Answer
See solution
Work Step by Step
We will verify that outside factors on the right side of (7) are invertible.
Note that:
$\left[\begin{array}{ll}I & 0 \\ X & I\end{array}\right] \cdot\left[\begin{array}{cc}I & 0 \\ -X & I\end{array}\right]=\left[\begin{array}{ll}I & 0 \\ 0 & I\end{array}\right]$
$\left[\begin{array}{cc}I & Y \\ 0 & I\end{array}\right] \cdot\left[\begin{array}{cc}I & -Y \\ 0 & I\end{array}\right]=\left[\begin{array}{ll}I & 0 \\ 0 & I\end{array}\right]$
So, both $\left[\begin{array}{ll}I & 0 \\ X & I\end{array}\right]$ and $\left[\begin{array}{ll}I & Y \\ 0 & I\end{array}\right]$ are invertible.
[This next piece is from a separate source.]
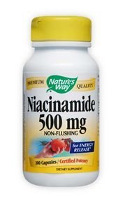Niacinamide 500 Mg by Nature's Way 100 Capsule Niacinamide is the non-flushing form of Niacin (Vitamin B3). It is necessary for the normal breakdown of fats and the release of energy from carbohydrates. Dosage Take 1 capsule daily preferably with food. Dosage Form Does Not Contain Artificial ingredients preservatives yeast milk lactose wheat sugar or soy.
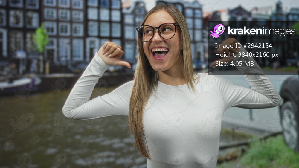 Woman with glasses pointing both thumbs to her chest on a canal street lined with narrow buildings; confidence self esteem.

We can multiply equation (7) from left with $\left[\begin{array}{ll}I & 0 \\ X & I\end{array}\right]^{-1}$ and from right with $\left[\begin{array}{ll}I & Y \\ 0 & I\end{array}\right]^{-1}$ to obtain
$\left[\begin{array}{cc}A_{11} & 0 \\ 0 & S\end{array}\right]=\left[\begin{array}{cc}I & 0 \\ X & I\end{array}\right]^{-1} \cdot A \cdot\left[\begin{array}{cc}I & Y \\ 0 & I\end{array}\right]^{-1}$
From Theorem 6 it follows that $\left[\begin{array}{cc}A_{11} & 0 \\ 0 & S\end{array}\right]$ is invertible as product of invertible matrices $(A$ is given as invertible matrix
By exercise $13,$ we know that $S$ is invertible.